Guest post by Eyal Peer
Many researchers who use MTurk are concerned about the quality of data they can get from their MTurk workers. Can we trust our “Turkers” to read instructions carefully, answer all the questions candidly and follow our procedures prudently? Moreover, are there specific types of workers we should be targeting to ensure high quality data? I stumbled upon this question when I tried to run an experiment about cheating on MTurk. I gave Turkers the opportunity to cheat by over-reporting lucky coin tosses, and found very low levels of cheating. I was surprised, especially in light of all the research on how much people can be dishonest when given a chance. I then realized that I, as I usually do, sampled only “high reputation” Turkers (those who had more than 95% of previous HITs approved). I was more surprised to see that when I removed this restriction and allowed any Turker to take part in my study, cheating went up considerably. This led us (Joachim Vosgerau, Alessandro Acquisti and I) to think whether high reputation workers are indeed less dishonest and, presumably, produce higher data quality. If so, than perhaps sampling only high reputation workers can be sufficient to obtain high quality data. We found that to be true. In a paper forthcoming in Behavior Research Methods we report how high reputation workers produced very high quality data, even when no efforts to increase their attention were made.
Until then, my colleagues and me have been mostly relying on attention-check questions (henceforth, ACQs) to ensure high quality data. These are “trick” questions that test respondents’ attention by prescribing a specific response to those who read the questions or the preceding instructions (e.g., “have you ever had a fatal heart attack?” see Paolacci, Chandler, & Ipeirotis, 2010). Using ACQs have inherent disadvantages. First, including ACQs might disrupt the natural flow our survey and might even (in extreme cases) interfere with our manipulation. Second, it’s possible that attentive Turkers might get offended by such “trick” questions, and might react unfavorably. Lastly, and perhaps most important, even when failing ACQs can be considered a reliable signal that the participant has not paid attention in the rest of the survey, a sampling bias might be created if those who fail ACQs are excluded post-hoc from the sample. On the other hand, not using ACQs and sampling only high reputation workers can also restrict the sample’s size, reduce response rate and might also create a response bias. So, we compared these two methods for ensuring high quality data: using ACQs vs. sampling only high reputation workers (e.g., those with 95% or more approved HITs).
In the first study, we found that high reputation workers did provide higher quality data on all measures: they failed common ACQs very rarely, their questionnaires’ reliability was high and they replicated known effects such as the anchoring effect. This was true whether or not these workers received ACQs.
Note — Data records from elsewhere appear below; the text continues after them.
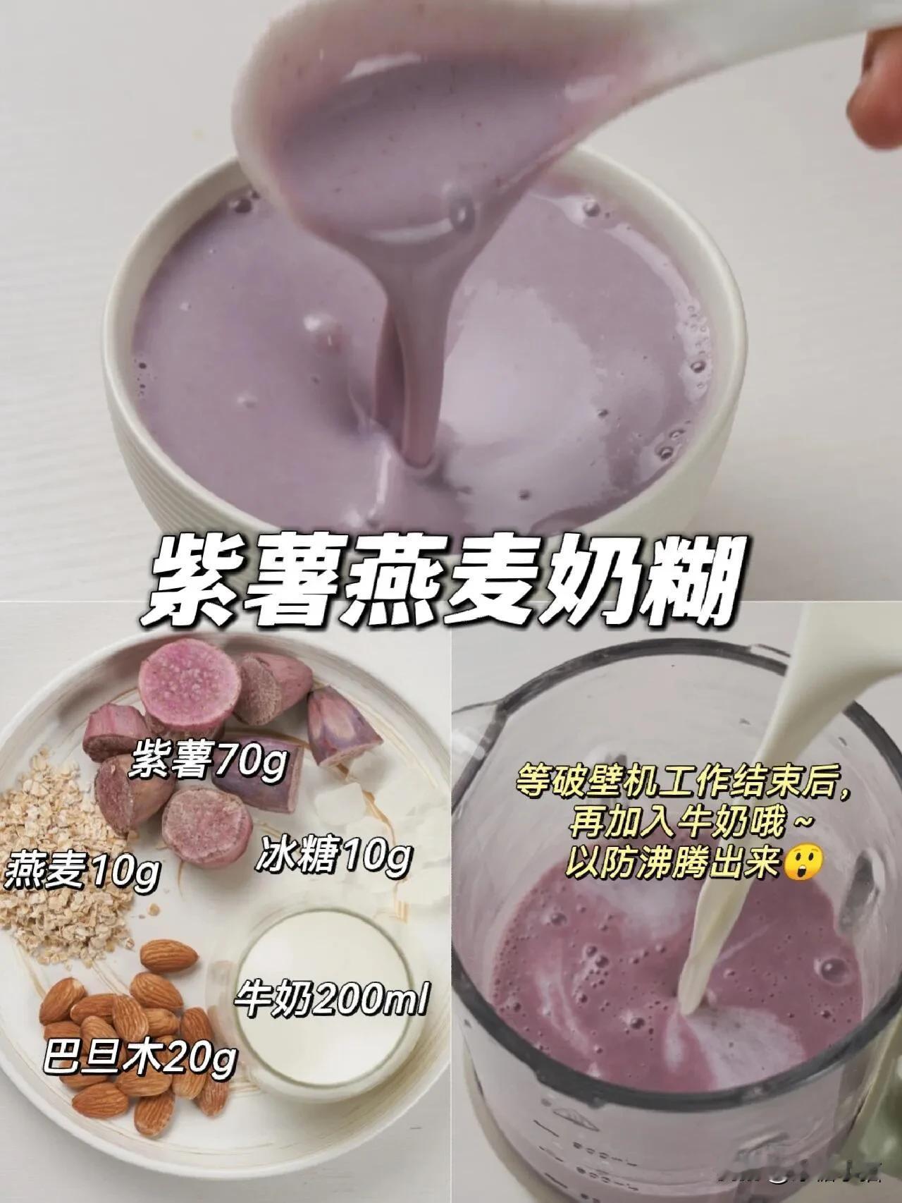 六款破壁机食谱,满满花青素🔥抗氧化绝了 脸色蜡黄的宝们,可以多吃点紫薯、蓝莓等富含花青素的食物哦 花青素具有超强的抗氧化作用‼️ 长期食用,养出好气色🤗🤗 我最喜欢的是用紫薯来打成米糊热饮喝啦~🔥🔥 把我经常喝的六款紫薯热饮分享给你们呐 一起变美吧!☺️ #早餐粥代餐# #代餐早餐粥# #膳食纤维豆浆# #代餐粉营养粥# #零蔗糖杂粮粥# #0蔗糖杂粮粥# #奶香紫薯燕麦糊# #金味低脂五黑粥# #黑米双色豆浆# #豆浆米糊五谷汁#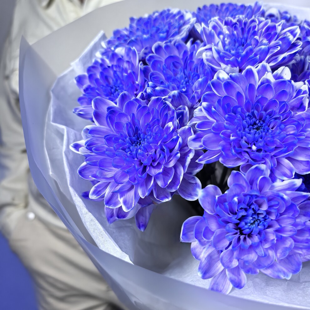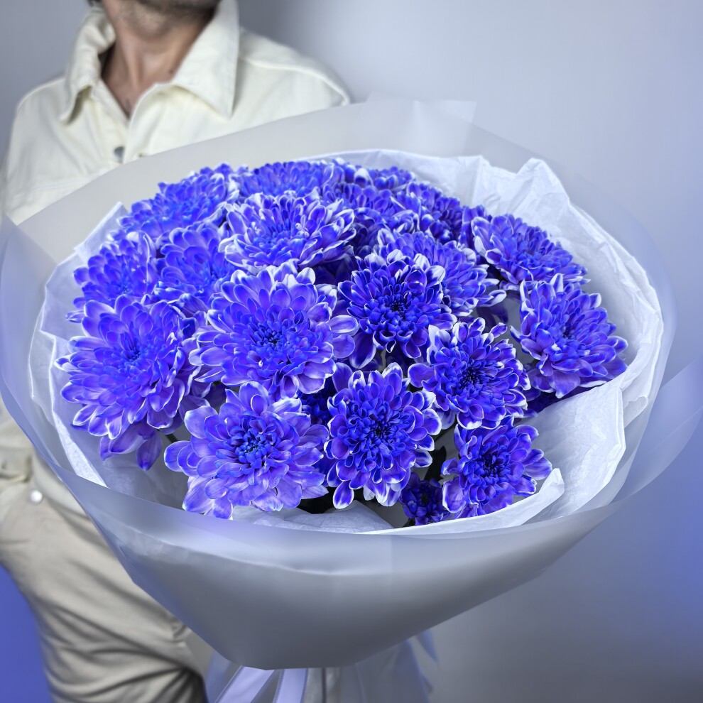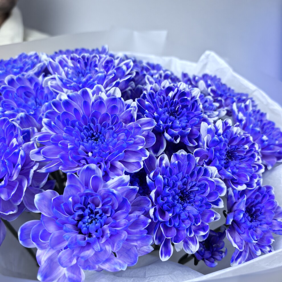 Этот букет состоит из множества синих хризантем, которые создают нежный и элегантный образ.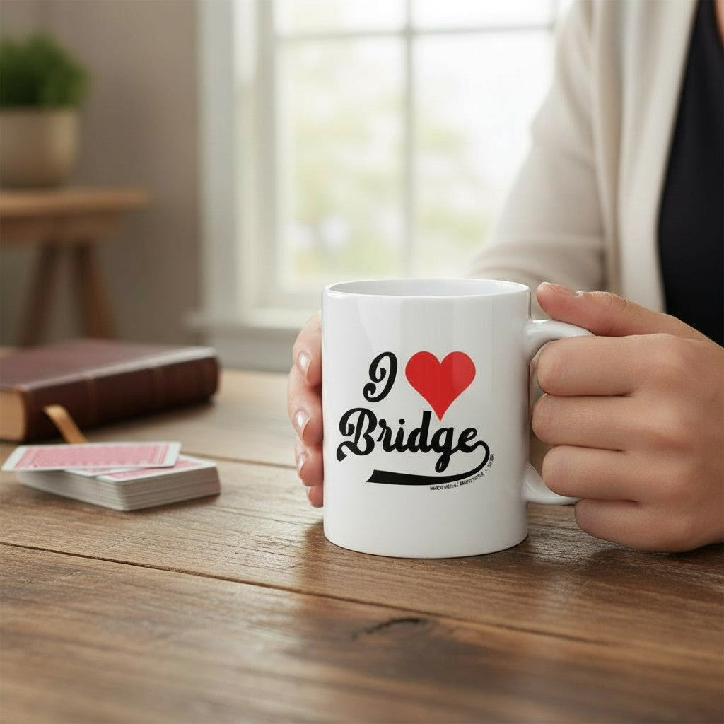 Looking for the perfect gift for your favorite bridge players? Look no further than this newly designed 'I Love Bridge' mug. With a capacity of 11 oz., it's the perfect size for enjoying your favorite beverage while playing a game of bridge. And the best part? It's dishwasher safe, making clean-up a breeze. Show your love for the game of bridge with this fun and practical mug.

Namely, high reputation workers who did not receive any ACQ showed similarly high quality data compared to those who did receive (and pass) our ACQs. Low reputation workers, on the other hand, failed ACQs more often and their data quality was much lower. However, ACQs did make a difference in that group. Those who passed the ACQs provided higher data quality, sometimes very similar to the quality of data obtained from high reputation workers. So, it seemed that ACQs were not necessary for high reputation workers. Moreover, sampling only high reputation workers did not reduce response rate (in fact, it increased it) and we couldn’t find any evidence for a sampling bias, as their demographics were similar to those that had low reputation. However, we used pretty common ACQs (such as the one mentioned above), and it was very likely that high reputation workers – being highly active on MTurk – probably recognized those questions, which made them less effective for them. We thus ran another study with novel ACQs, and found similar results: high reputation workers produced high quality data with our without ACQs, even when the ACQs were not familiar to them. We also found that, among the high reputation workers, those who have been more productive on MTurk (completed more HITs in the past) produced slightly higher data quality than less productive workers. But even the less productive high-reputation workers produced very high data quality, with our without ACQs.
Our final conclusion was that reputation is a sufficient condition for obtaining high quality data on MTurk. Although using ACQs doesn’t seem to hurt much (we did not find any evidence of ACQs causing reactance), they also seem to be unnecessary when using high reputation workers. Because sampling only high reputation workers did not reduce response rate or create a selection bias, and also since most researchers we know use only those workers anyway, it seems to be the preferable method to ensure high quality data. ACQs might have been necessary in the past, when completing behavioral surveys and experiments was not very common on MTurk, but their efficacy seems to have diminished recently. As MTurk is a highly dynamic environment, this assertion might not hold true in the future, as new and different people join MTurk. Nevertheless, we believe that if one has to choose between using ACQs or not, it’s better to not use them and, instead, simply sample high reputation workers to get high quality data. Personally, I have stopped using ACQs altogether and am still getting reliable and high quality data in all my studies on MTurk.
Paolacci, G., Chandler, J., & Ipeirotis, P. (2010). Running experiments on Amazon Mechanical Turk. Judgment and Decision Making, 5(5), 411-419.
Peer, E., Vosgerau, J., & Acquisti, A. (in press). Reputation as a sufficient condition for data quality on Amazon Mechanical Turk, Behavior Research Methods, available here.